Work request: Word for word, restate the lines of the data below between those holding "Ответ: CaCl2, Ca(No3)2, CaSO3, Ca3(Po4)2, CaSio3" and "防潮垫野餐垫户外露营加厚便携式桌布加大地垫郊游春秋季野餐布 加厚野餐垫(黄色 1米*1.5米", inclusive; pictures do not belong in the copy.

Data extract:
——————

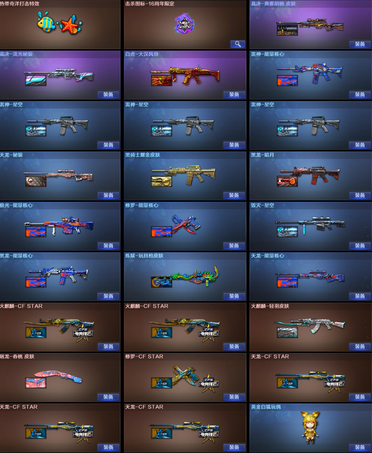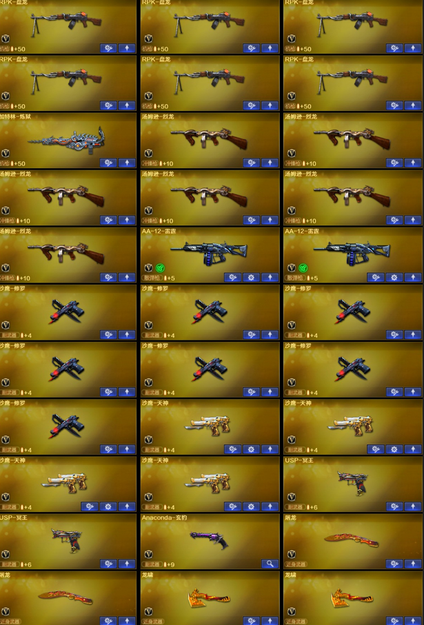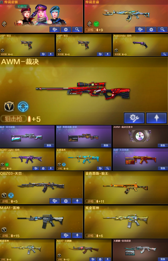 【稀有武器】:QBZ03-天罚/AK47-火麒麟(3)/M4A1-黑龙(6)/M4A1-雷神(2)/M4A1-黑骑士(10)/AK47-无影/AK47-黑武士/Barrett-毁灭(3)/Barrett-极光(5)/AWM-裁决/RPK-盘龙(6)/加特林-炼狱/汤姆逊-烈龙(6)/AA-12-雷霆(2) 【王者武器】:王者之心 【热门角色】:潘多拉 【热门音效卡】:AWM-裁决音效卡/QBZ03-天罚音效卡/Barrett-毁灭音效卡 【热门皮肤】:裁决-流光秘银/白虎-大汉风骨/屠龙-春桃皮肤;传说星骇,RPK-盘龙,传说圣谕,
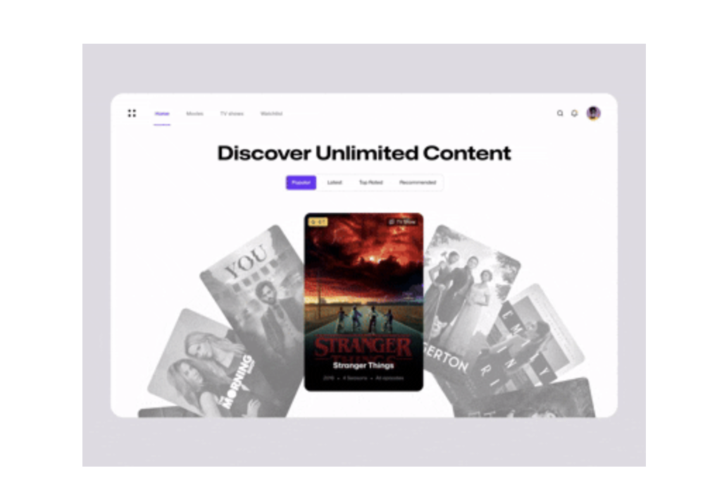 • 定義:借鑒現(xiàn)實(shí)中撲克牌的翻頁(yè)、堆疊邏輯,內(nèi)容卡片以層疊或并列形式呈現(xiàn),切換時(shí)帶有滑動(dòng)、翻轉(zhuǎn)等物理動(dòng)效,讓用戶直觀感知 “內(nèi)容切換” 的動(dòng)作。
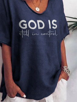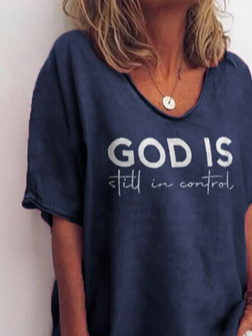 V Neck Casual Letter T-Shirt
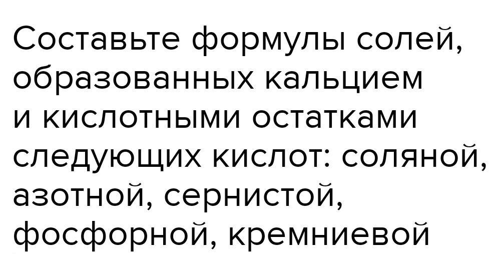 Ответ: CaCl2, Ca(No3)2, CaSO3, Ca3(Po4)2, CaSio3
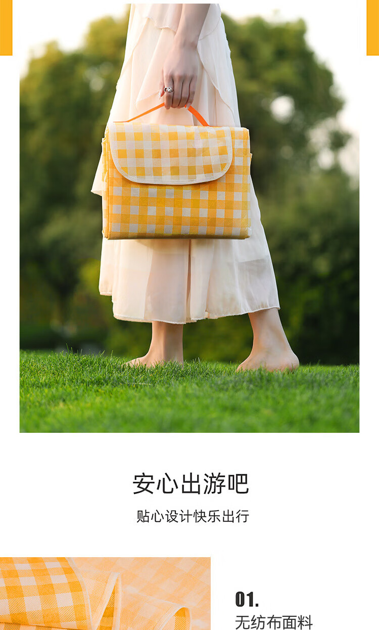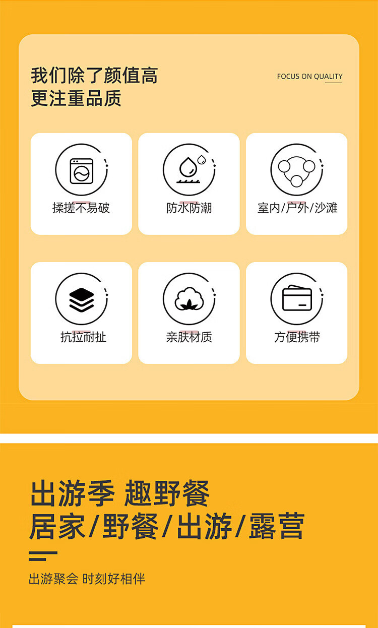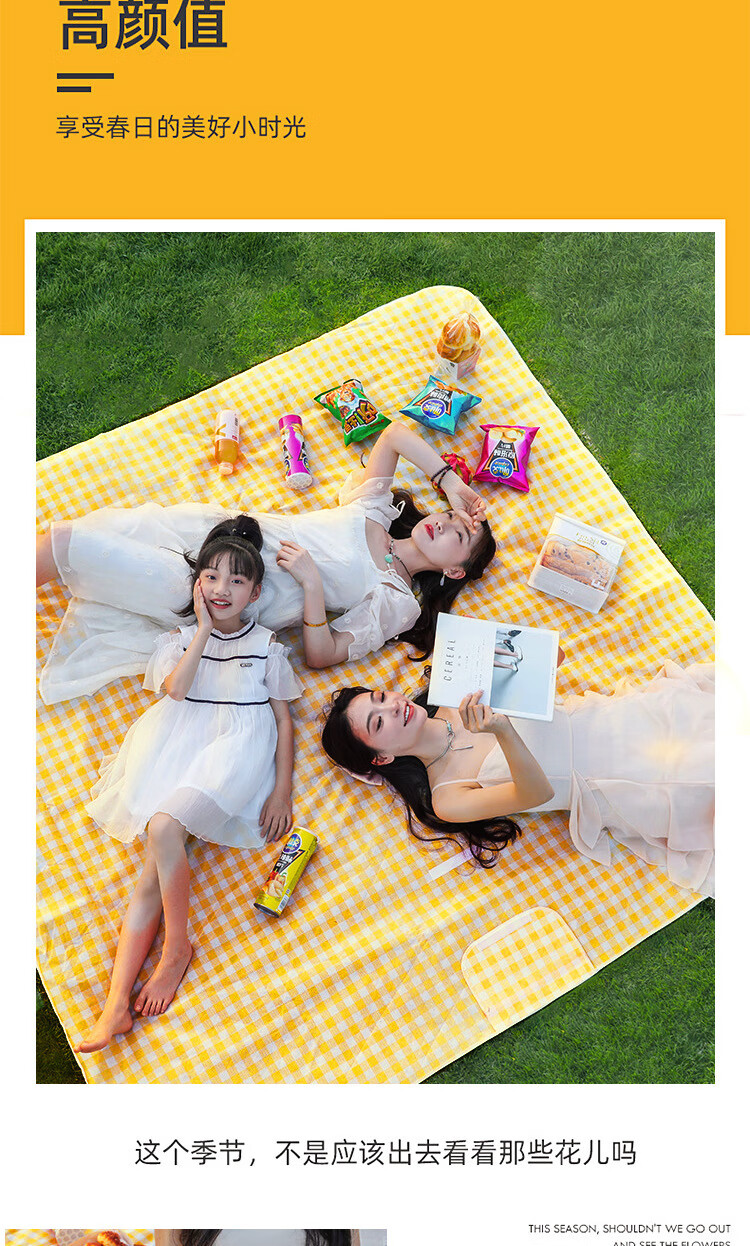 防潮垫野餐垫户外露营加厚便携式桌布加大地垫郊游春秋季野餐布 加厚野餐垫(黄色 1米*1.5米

——————

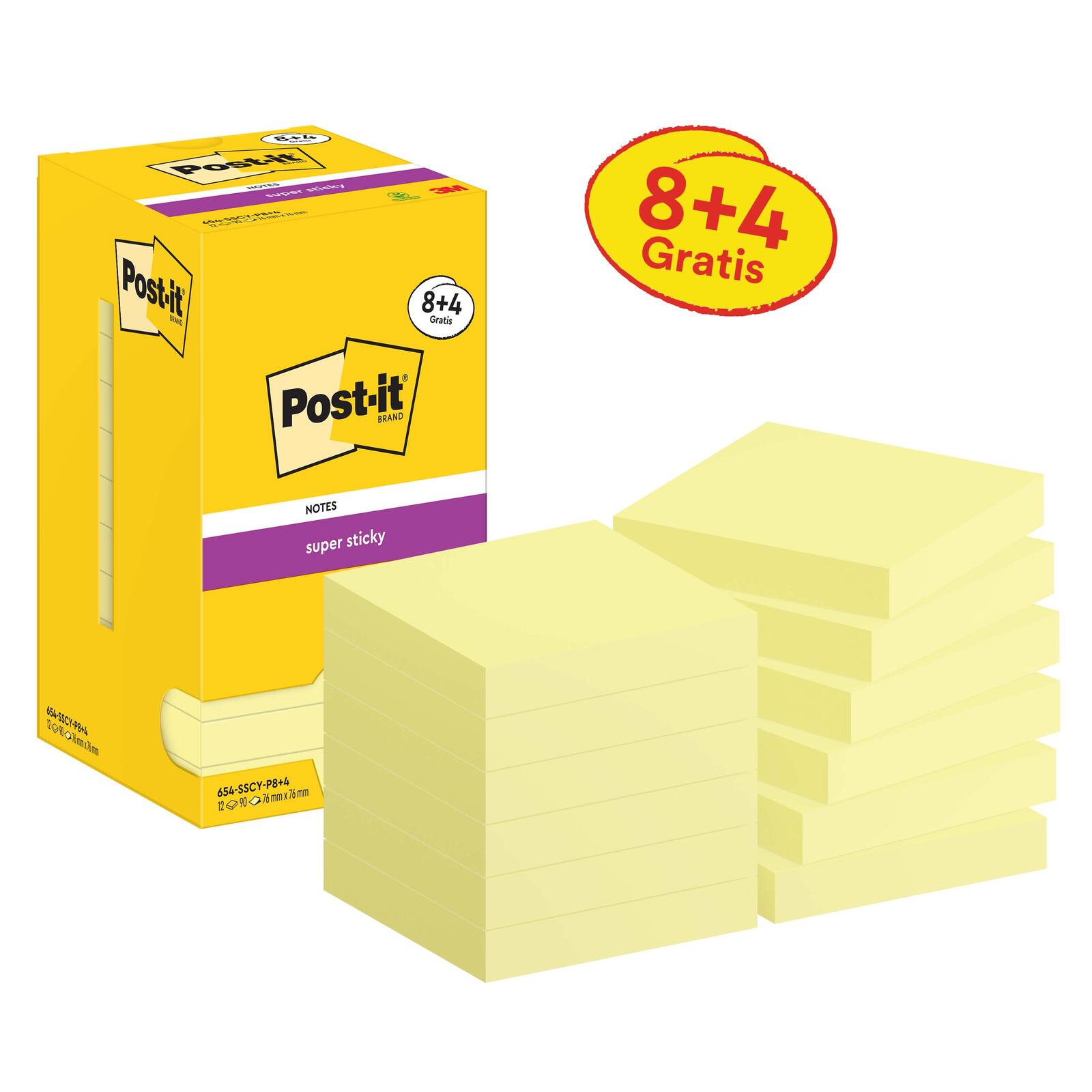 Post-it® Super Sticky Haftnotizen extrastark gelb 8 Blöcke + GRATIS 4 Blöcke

——————

Task result:
 Ответ: CaCl2, Ca(No3)2, CaSO3, Ca3(Po4)2, CaSio3
 防潮垫野餐垫户外露营加厚便携式桌布加大地垫郊游春秋季野餐布 加厚野餐垫(黄色 1米*1.5米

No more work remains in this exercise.